This project will contribute to the national need for well-educated engineers and technicians in production engineering. It will do so by supporting two, two-day workshops on production engineering education by the University of Tennessee Chattanooga and Tennessee Technological University. The overall goal of the workshops is to recommend educational approaches for the rapidly expanding production technology of digital twin research and development. A digital twin is a virtual model of a process, product, or service. This pairing of virtual and physical worlds enables analysis and improvement of systems, including production engineering systems. For example, by developing new efficiencies first in the digital twin, and then testing them in the physical twin, processes and products can be improved. It is expected that these workshops will contribute to achieving scalable, reliable, and cost-effective strategies for creation of digital twins that accurately represent complex systems, such as manufacturing and chemical plants, airplanes, and wind turbines. The workshops will also contribute to developing guidelines for training the STEM workforce needed to develop and implement digital twins in production engineering and other applications. The first workshop will be held at the University of Tennessee Chattanooga and will result in a report describing the intellectual contributions of multiple disciplines to the use of digital twins in production engineering. The second workshop, to be held at Tennessee Technological University four months later, will result in a report describing curriculum recommendations for digital twin production engineering education.

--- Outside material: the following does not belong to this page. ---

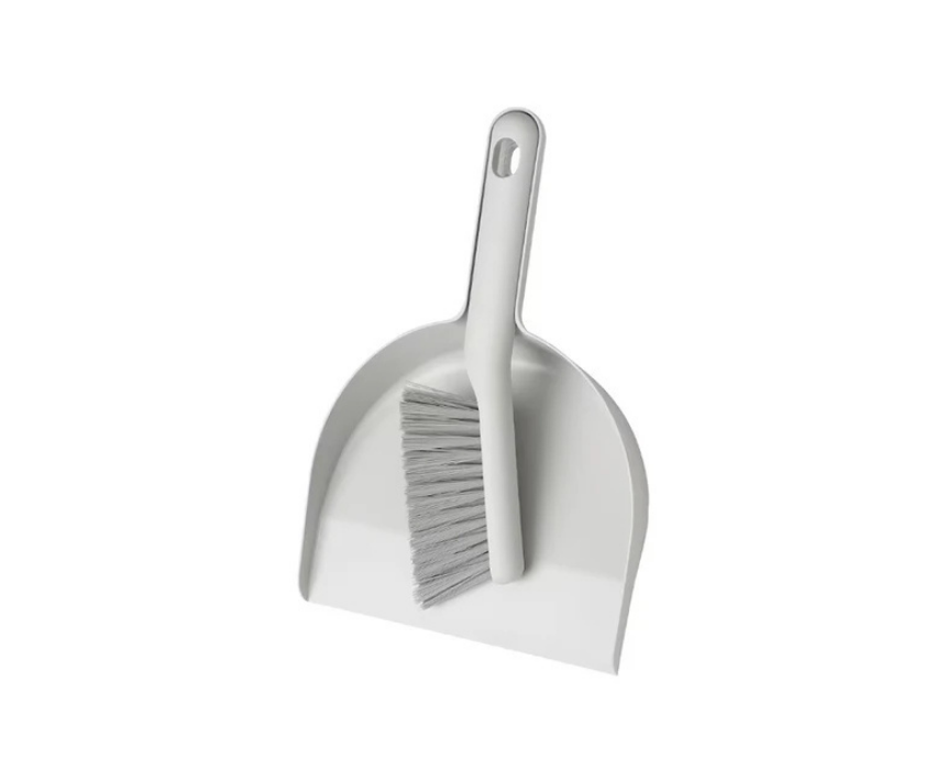This grey dustpan and brush set is ideal for quickly cleaning kitchens, bathrooms, cars, and other spaces. The angled brush picks up even the smallest crumbs, and it snaps into the pan for easy storage. Both pieces have holes for hanging, and the brush head reaches corners and tight spaces effortlessly.
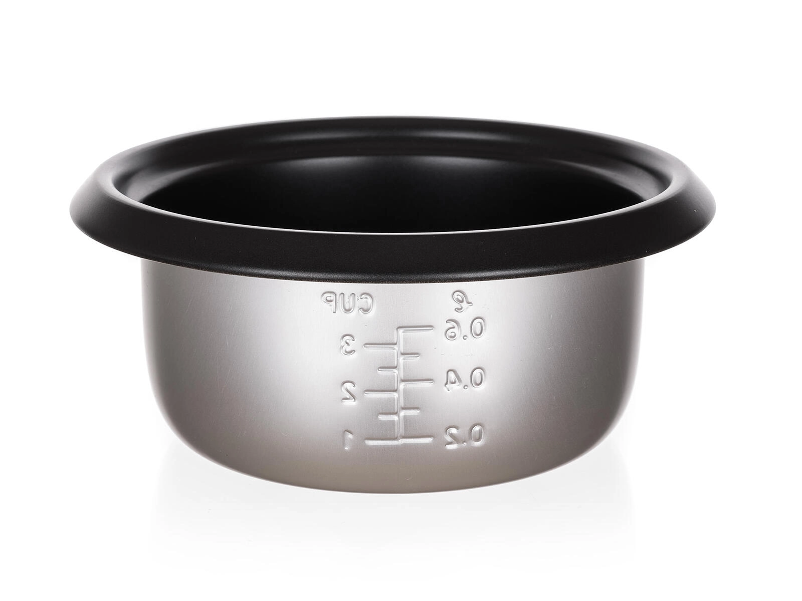 La cuve intérieure avec revêtement antiadhésif facilite la cuisson et le nettoyage. Le couvercle en verre avec valve permet de contrôler la cuisson sans le soulever inutilement.

These workshops will convene thought leaders in high-performance computing, software engineering, uncertainty quantification, control system, digital twin modeling and simulation, and engineering education to develop recommendations for effective, innovative, distributed education related to digital twins, particularly in production engineering. In addition, they are expected to lead to convergent research projects at the intersection of educational research and the multidisciplinary areas needed to design, implement, and operate digital twins. At the workshops, these disciplines will come together to establish conceptual models for education that will prepare workers to design digital twins that better integrate with production engineering environments. Collaborations are expected to emerge between educators and domain experts, yielding outcomes such as the enhanced design of high-performance simulation and machine learning software systems that are both responsive to evolving needs of production environments and suitable for use in classroom and virtual environments.
This project is funded by NSF's EHR Core Research: Production Engineering Education and Research (ECR: PEER) program, which seeks to improve the education of future and current professionals in production engineering. It also aims to study the effectiveness of the innovative educational strategies adopted by these projects.
This award reflects NSF's statutory mission and has been deemed worthy of support through evaluation using the Foundation's intellectual merit and broader impacts review criteria.